Boston University

Polarization and Pokemon Go? by Naba Khan @ Boston University

In the months since November 2016, countless news sources have reported Russian interference in the American election. The stories behind this manipulation vary. One Russian group pretended to be a part of the Black Lives Matter movement on Facebook, Instagram, Twitter, YouTube, Tumblr, and even Pokemon Go.

They called themselves “Don’t Shoot Us,” and aimed to motivate activists to protest. In addition to posting and circulating videos of police brutality, and attempting to organize protests, the group planned a contest on Pokemon Go. Users were challenged to name Pokemon characters after victims of Police Brutality and to train them in locations police brutality incidents had taken place.

This perplexingly specific and narrowly targeted campaign was apparently intended to increase racial tension in the U.S. As Donie O’Sullivan notes, “One YouTube video or Twitter post could lead users down a rabbit hole of activist messaging and ultimately encourage them to take action.”

What purpose could this truly serve in terms of United States political interference? O’Sullivan reports that this was likely intended to galvanize activists and to make black activism appear to be a threat, but how might that weaken the United States? While its strategy may not have had a wide impact, the “Don’t Shoot Us” campaign provides a lens into the manipulation of American politics.

By egging on activists and attempting to paint them as a threat, the campaign tapped into Americans’ fear and contempt for all groups but their own. Kinder and Kam explain ethnocentrism, the tendency to sort humans into in an out groups – dividing those different from you from those similar. Naturally, we tend to group those we are different from in an “out” group – one we do not agree or empathize with.

This can be applied to politics using Lillian Mason’s analysis. Mason argues that polarization is far more than simply political. She defines partisanship as a social identity, something to which a person feels a psychological and social connection. A person feels as connected to his or her party as to any other social group or identity (clubs, communities, etc).

As a result, people see their party in a permanently positive light, engage actively in favor of their party, and react strongly to criticism from other groups. Thus, motivation in favor of a cause your group/party believes in can truly influence action, and increased aggression from a group that your group/party already finds intimidating can truly spike fear.
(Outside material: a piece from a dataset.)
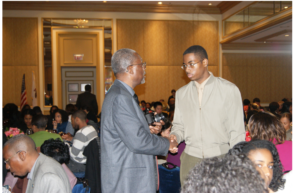
NLCN photographer greets Marine Science and Math Academy student during youth luncheon of the National Black Caucus of State Legislators
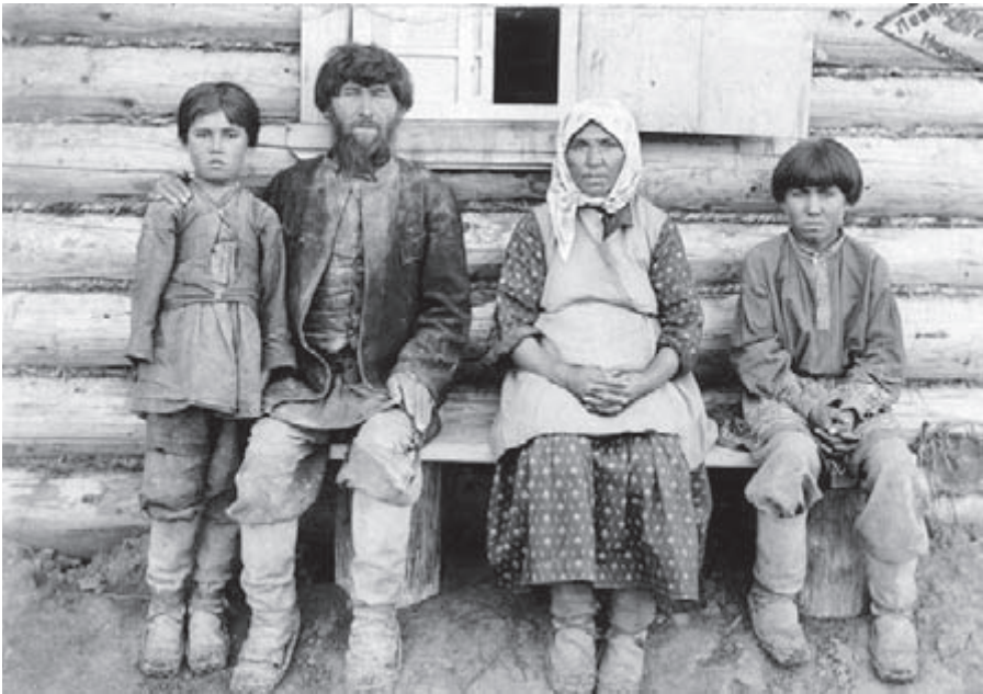
3.1: The only family in Kibiak-Kozi that did not apostatize. RGIA, f. 821, op. 4, d. 72, photograph no. 7. No date.

at the end of the eighteenth century, Krāshens of Elyshevo and Saltygan Kliuch left for the cities of Kazan and Chistopol', or Menzelinsk district. In the same area, villagers of Savrushii started tailoring later, in the 1840s, and, coincidentally, apostatized later under the influence of Elyshevite relatives, in 1879. In the volost' of Elyshevo, sixteen of twenty-one villages had seasonal laborers among their populations. In some villages, itinerant laborers comprised half the inhabitants. In general, the greater the proportion of itinerant tailors, the greater the Islamization of a given village. In Niki-forova, a village slightly touched by the apostasy movement in the 1860s and 1880s, the peasants enjoyed a higher yield, and because of the proximity of dense forests, involved themselves in woodwork. Unlike the villagers of Elyshevo volost' , only a very few left the village. Significantly, the peasants of Kibiak-Kozi volost' , with the largest number (1,122) of seasonal tailors in Laishevo district, proved to be more obstinate in their apostasy than their neighbors; unlike nearby Elyshevo village, Kibiak-Kozi refused to rescind its petition to be recognized as Muslim, even when the governor came with his troops in June 1866. The only family in Kibiak-Kozi who refused to apostatize well into the 1890s was headed by a miller who worked among Russians. 11

The work of the “Don’t Shoot Us” campaign directly targeted the reactions of partisan citizens by tapping into their own groups’ causes or their groups’ pre-existing threats, aiming to both use and strengthen America’s already prevalent polarization.
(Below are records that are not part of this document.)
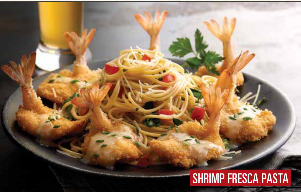
SHRIMP FRESCA PASTA

Cheese tortelloni, blackened chicken, bacon-tomato vodka cream sauce, shredded Parmesan 19.49
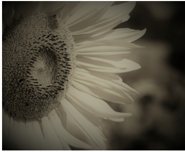
Sunflower Accepted Leona Broekman
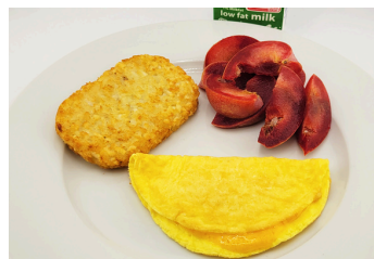
Omelet with Stuffed Hash Brown Patty OR Cinnamon Roll
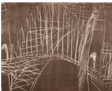
Rebecca Baird , The Bridge, Intaglio Polymer
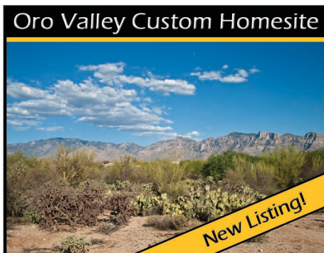
Oro Valley Custom Homesite

Listed Price - $1,149,500 Home Size - 3,675 Sq. Ft. Lot Size - 1.37 Acres 4 Bedrooms/4 Bathrooms Provided Courtesy: Long Realty

This movement intended to manipulate groups who already saw themselves as opponents into being increasingly divided. This divide is already massive – in fact, according to the Pew Research Center and NPR, “America is more divided than ever before.” With another government shutdown on the horizon and angrier Twitter battles every day, this divide does not appear to be healing any time soon. This view of other groups as opposition directly impacts this lack of progress, and stalls any ability for future compromise. Thomas Carsey and Jeffrey Layman explain that the majority of voters choose their issues based on their party. If the party shifts its stance, they note, its likely that their voters will soon follow. Politics is almost entirely personal. The bigger the group divides, the smaller the chance of progress.

By encouraging political activism for a heated issue on a new app, the “Don’t Shoot Us” campaign hoped to strengthen the us-and-them mentality already prominent in U.S. politics. While this may not have been the most effective way to do so, this Russian group was merely fueling already existing biases that halt progress in U.S. government. Polarization is at a high, with a wider current divide in presidential approval than in the past six decades. Maybe it should alarm us that this group’s strategy of interference consisted only of highlighting polarization, arguably the most defining and steadily rising quality of modern American politics.